Il résulte de l'article L.624-2 du code de commerce que le juge commissaire n'a compétence pour statuer sur les moyens opposés à la demande d'admission qu'en l'absence de contestation sérieuse.
En l'espèce, en l'absence d'expertise contradictoire la contestation du liquidateur judiciaire apparaît sérieuse tant dans son principe que dans son montant.
Il convient donc de constater l'existence d'une contestation sérieuse, et, en application de l'article R. 624-5 du code de commerce, de renvoyer les parties à mieux se pourvoir, d'inviter la Commune de [Localité 5] à saisir la juridiction compétente dans un délai d'un mois à compter de la notification qui lui sera faite du présent arrêt, à peine de forclusion, et de renvoyer l'affaire à l'audience de la mise en état du 14 mars 2024 afin de vérifier si la juridiction compétente a bien été saisie.
Les dépens seront employés en frais privilégiés de procédure collective.

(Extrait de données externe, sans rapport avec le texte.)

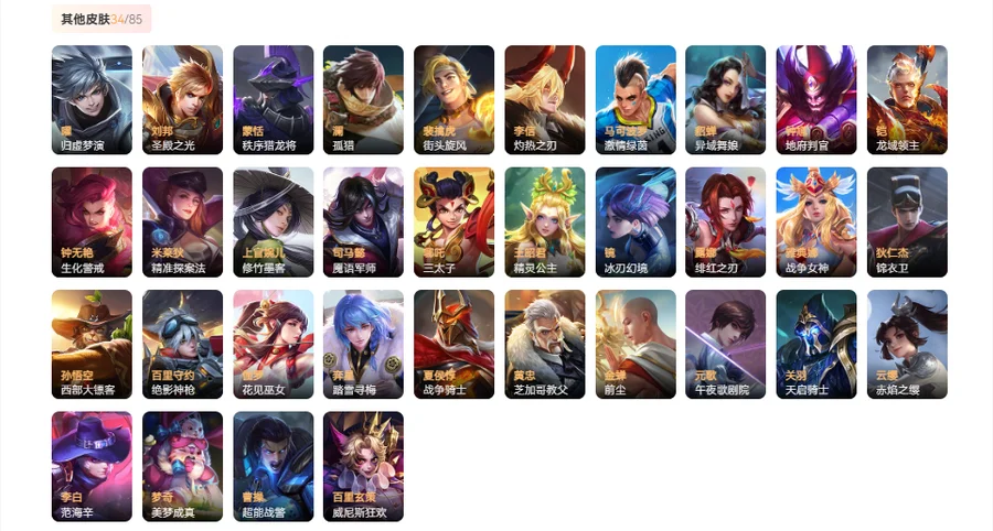 【其他81】 老夫子功夫老勺 金蝉前尘 戈娅玫蓝誓约 姜子牙星梦巡礼 东皇太一金福满堂 白起白色死神 米莱狄精准探案法 露娜哥特玫瑰 程咬金无双福将 刘禅秘密基地 安琪拉玩偶对对碰 大司命暗都幽影 程咬金群星魔术团 李白敏锐之力 弈星踏雪寻梅 盘古经纬探寻者 刘邦圣殿之光 钟无艳春野之旅 狄仁杰锦衣卫 廉颇功夫炙烤 王昭君精灵公主 典韦黄金武士 貂蝉异域舞娘 孙膑归虚梦演 姜子牙炽热元素使 猪八戒潮玩探月行 夏侯惇战争骑士 牛魔制霸全明星 妲己紫罗兰之誓 典韦铁甲之心 黄忠芝加哥教父 大乔守护之力 宫本武藏霸王丸 蒙恬秩序猎龙将 鲁班大师乓乓大师 云缨赤焰之缨 宫本武藏未来纪元 杨戬次元傲视 韩信街头霸王 狂铁命运角斗场 刘备汉昭烈帝 澜孤猎 露娜绯红之刃 项羽科学大爆炸 关羽龙腾万里 梦奇美梦成真 关羽天启骑士 百里玄策威尼斯狂欢 元歌午夜歌剧院 廉颇无尽征程 伽罗花见巫女 雅典娜战争女神 百里守约绝影神枪 裴擒虎街头旋风 马可波罗激情绿茵 赵云忍炎影 哪吒次元突破 司马懿魇语军师 花木兰兔女郎 镜冰刃幻境 哪吒三太子 达摩大发明家 曜归虚梦演 李信灼热之刃 曹操超能战警 上官婉儿修竹墨客 铠龙域领主 李白范海辛 达摩拳王 钟无艳海滩丽影 孙悟空西部大镖客 韩信教廷特使 钟馗地府判官 扁鹊化身博士 李元芳黑猫爱糖果 阿轲致命风华 刘备纽约教父 钟无艳生化警戒 亚瑟死亡骑士 妲己少女阿狸 宫本武藏万象初新

Aucune considération d'équité ne commande de faire application de l'article 700 du code de procédure civile.
PAR CES MOTIFS
Infirme l'ordonnance,
Statuant à nouveau,
Constate l'existence d'une contestation sérieuse,
Renvoie les parties à mieux se pourvoir,
Invite la Commune de [Localité 5] à saisir la juridiction compétente dans un délai d'un mois à compter de la notification qui lui sera faite du présent arrêt, à peine de forclusion,
Renvoie l'affaire à l'audience de la mise en état du 14 mars 2024 afin de vérifier si la juridiction compétente a bien été saisie,
Ordonne l'emploi des dépens en frais privilégiés de procédure collective,
Rejette les demandes en application de l'article 700 du code de procédure civile.